To deploy this demo, we created and uploaded a CSV file to AWS S3 service, as you can see in the next two images:
Figure 1. msdp transactional sales CSV data
*Figure 2. msdp transactional data stored in S3 *
After uploading the CSV demo file, we created a new data table using an AWS Glue crawler. This data table was needed to create the data-schema.
Figure 3. Add new table in AWS Glue.
The crawler will ask you for a table name, a database to store your table, and the location of the CSV file to use for our data-schema. In this case the location is our S3 Bucket URL that we created a few steps before. After we complete the requirements, we will see similar data catalog resume:
Once the data catalog is completed, we can proceed to create the data schema. In the schema we need to define the data type of every data column:
Figure 5. Data schema.
After creating the data schema and defining the database we created the Iceberg table. For this demo we defined the same columns as the schema data of the previous step, the type of the table as Iceberg, the partition column as business_date_2 and the location in which we want to store the data. The metadata generated in this case was: 's3://Bucket Name/…' This query was generated in Athena AWS resource.
Figure 6. Create Iceberg data table
Next the table is populated using the CSV data found within the data catalog that was created two steps before, an example is showed in the Figure 7.
Figure 7. Populate Iceberg Table
The Iceberg table can then be tested using MySQL queries to see if all is in order:
Figure 8. Test Iceberg table using MySQL queries.
Figure 9. Query results
Figure 10. Query results
When we created this table, we added an s3 location to store our data. Using the s3 URL from when the iceberg table was created (s3://Bucket Name/…) you will see two paths: data and metadata.
Figure 11. S3 Bucket Iceberg Table
The metadata path stored the iceberg table configuration. The important thing of the metadata path is that for every query that hits the iceberg table, it creates a new snapshot id with the information that you query in that moment. Therefore, if you insert, delete or update data you get a snapshot id with the query information.
Figure 12. Iceberg table configuration (Snapshot id)
The data path creates a partition data for the column or the columns that we select when we were creating the iceberg table. In this demo we selected the column: business_date_2 so the data was stored using this partition. An example can be seen in the Figures 13 and 14.
*Figure13. Iceberg table data path (Column partition) *
*Figure 14. Iceberg table data path (Partition Column) *
Inside every partition we get only the data that matches with the time partition column. To test the data stored inside the Parquet file, we created a short JupyterNotebook to see if the iceberg table was working as we excepted.
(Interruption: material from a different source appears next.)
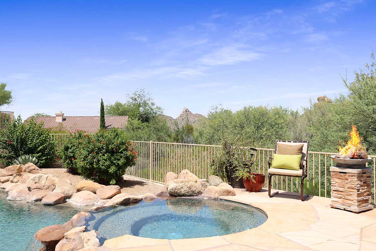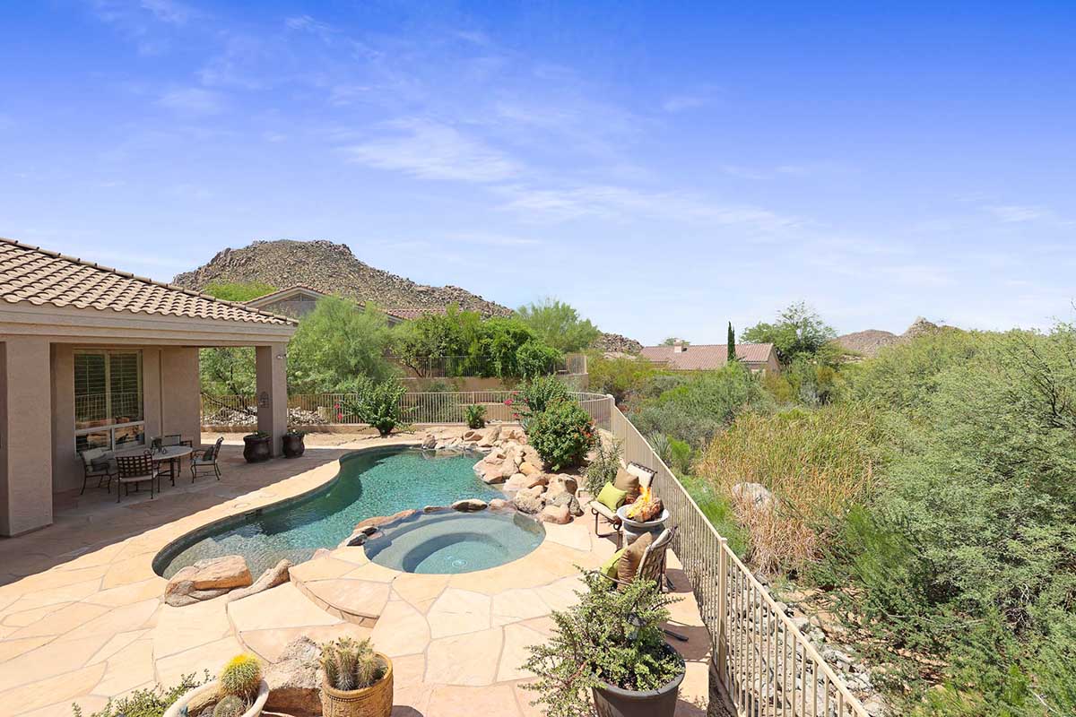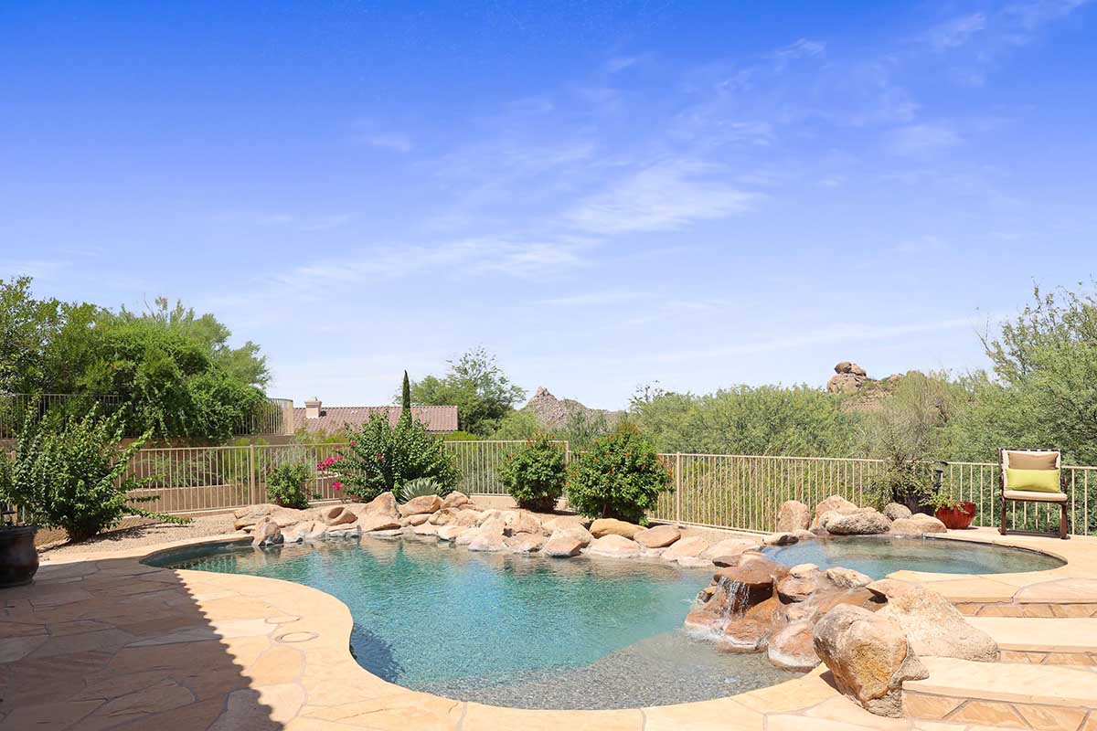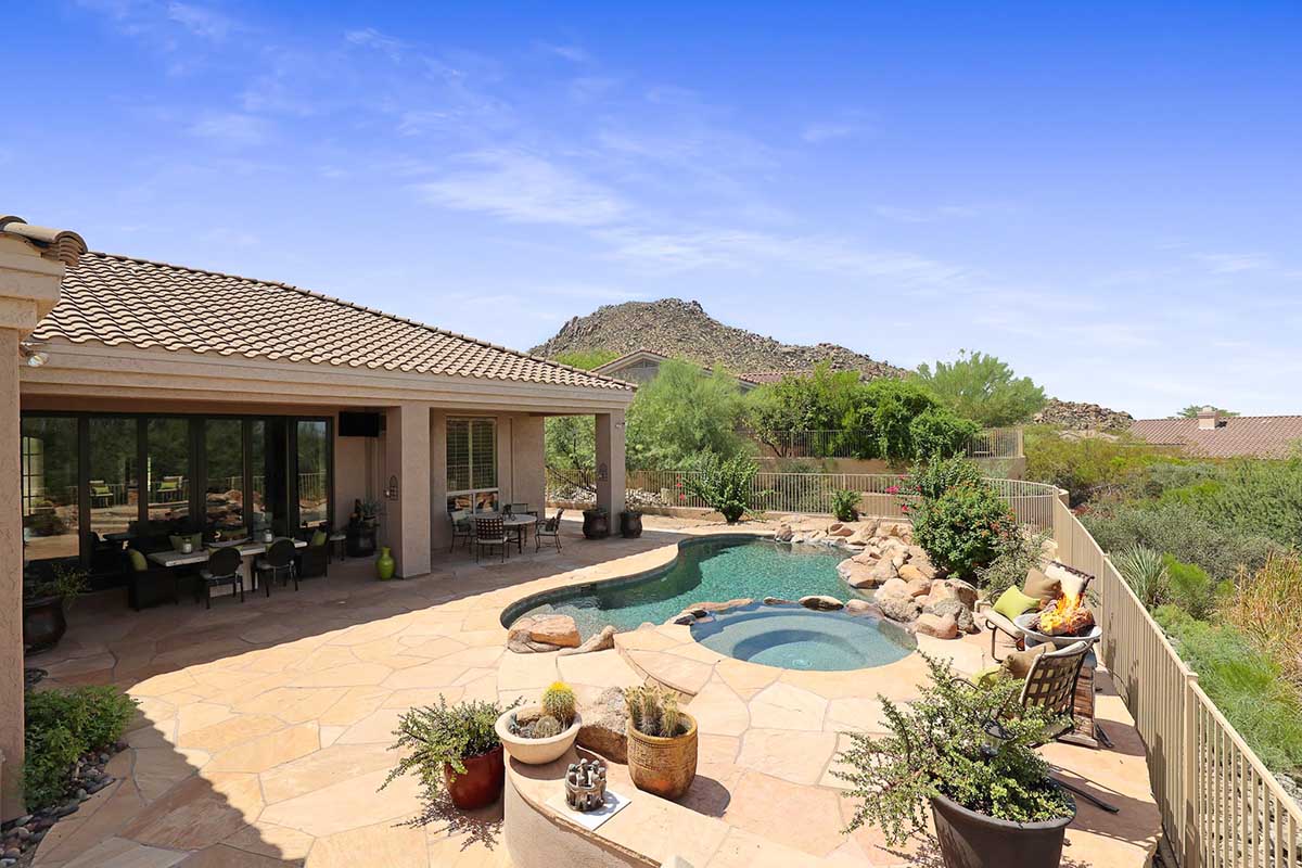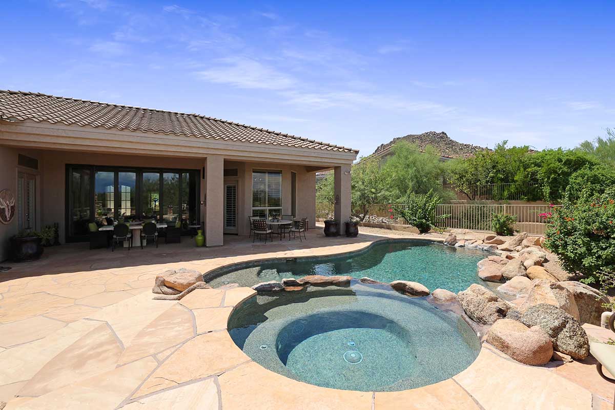The numerous windows and doors in the great room allow for natural light and overlook the resort style backyard with beautiful views of Pinnacle Peak, boulder outcroppings and famous Arizona sunsets. The backyard includes a heated pebbletec pool and spa, boulder and rock waterfall accents, easy care landscaping, flagstone hardscape, large covered patio, stacked stone gas fireplace, and built-in barbecue. The lot backs and sides to the natural area open space for additional privacy with desirable North/South exposure.

For this example, we selected business_date_2: ‘2021-04-05’, after we run the JupyterNotebook we compare the output with the data table (Figure 1) and it was correctly.
Figure 15. Jupyter Notebook parket file test.
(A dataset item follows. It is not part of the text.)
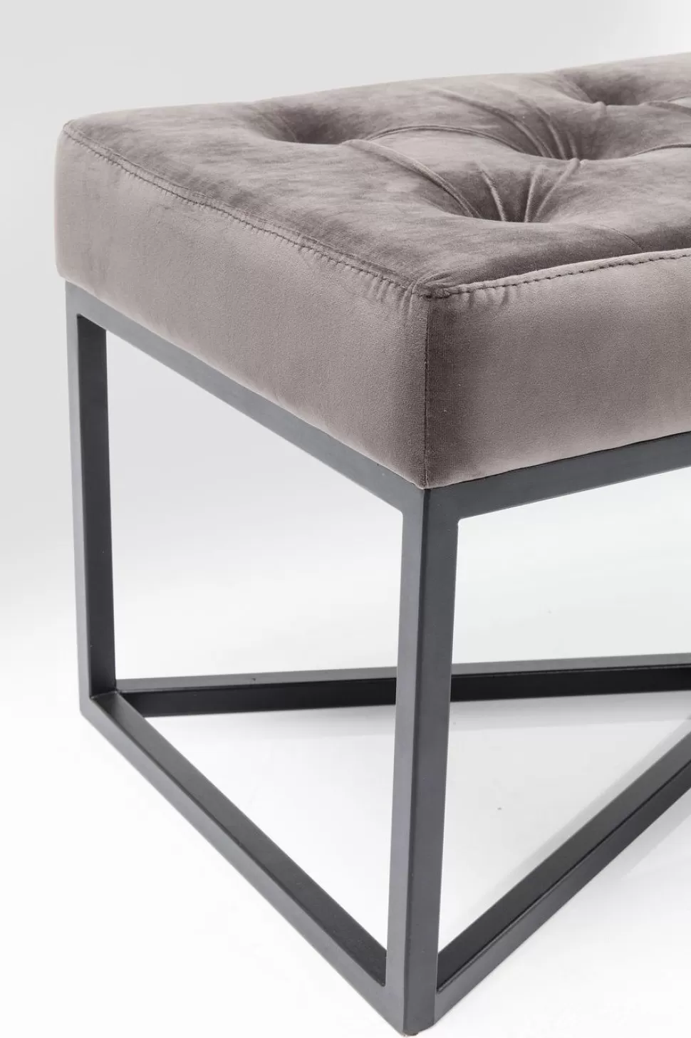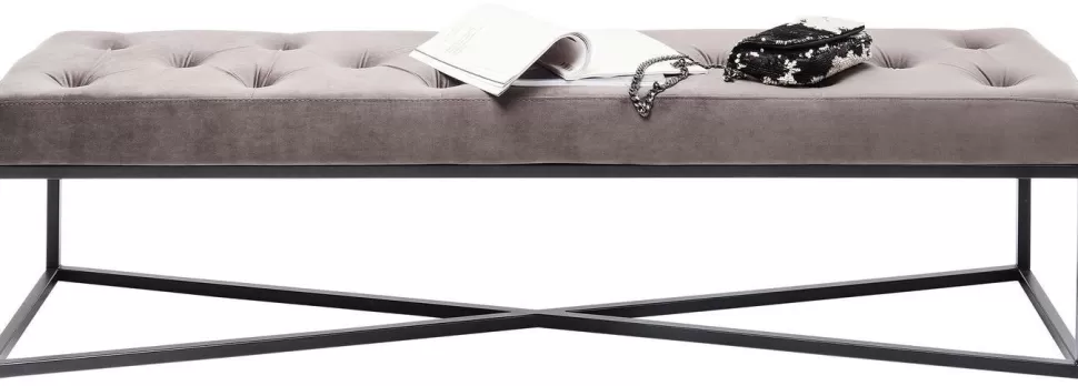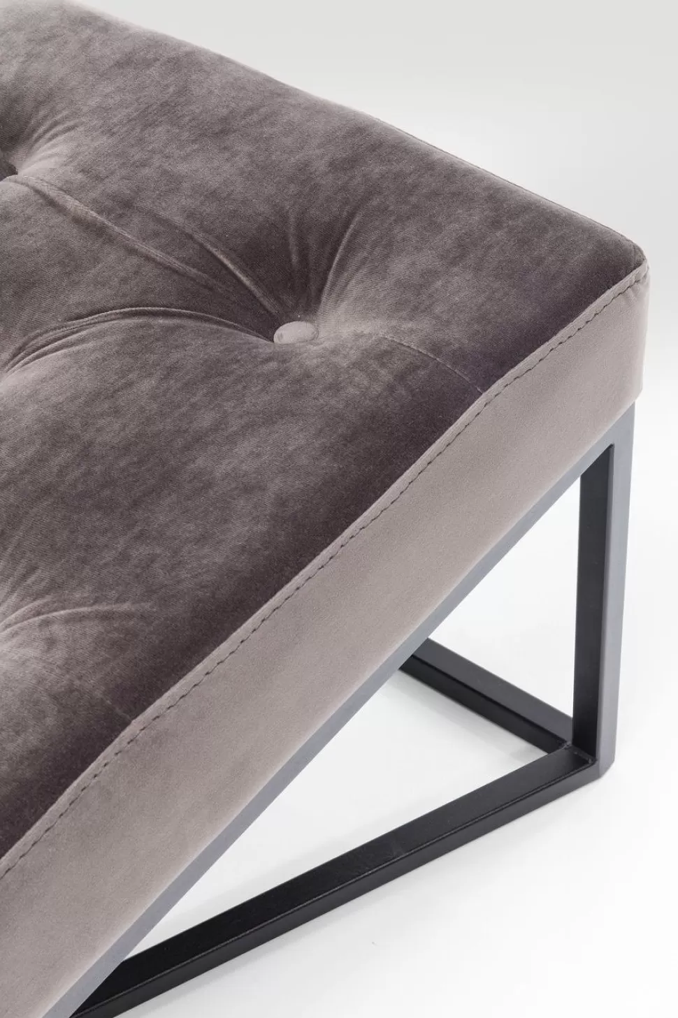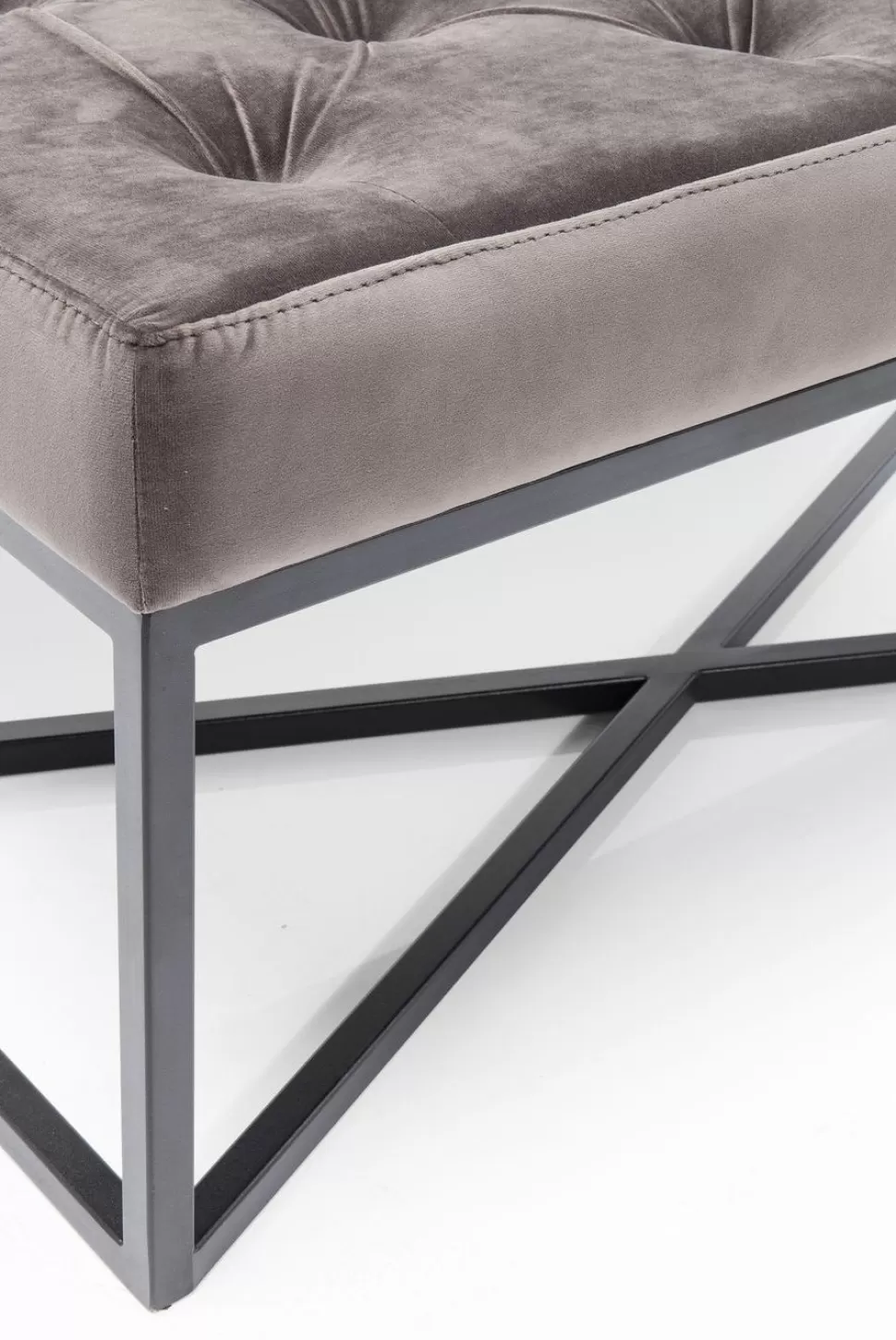 Wyściełana ławka welurowa w stylu nowoczesnym Crossover dostępna jest w kilku wariantach – tutaj tapicerowana ławka welurowa szara o wymiarach (szerokość x głębokość x wysokość): 150x40x40 cm.

In conclusion Iceberg tables allow users to create schemas and partitions. The design of this type of tables is optimized and stored on Amazon S3. Iceberg tables provide a way to store your data with partitions, increasing the performance of SQL table queries.
Iceberg tables maintain versions on Amazon S3 Bucket objects that it contains. A version is updated after each insert/delete/update is performed. This means that when you do “time-travel” type queries you can go back and look at the contents of an Iceberg table at some point in the past. You can either go back to a certain point in time or you can go to a specific version where the version is a snapshot ID associated with an Iceberg table version. Is important to mention that you cannot use time-travel queries to undo a dropped Iceberg table. In fact, once an Iceberg table is dropped, all the data associated with it in S3 is also deleted. This is completely different from what happens with "normal" Athena tables where dropping a table leaves its underlying data intact.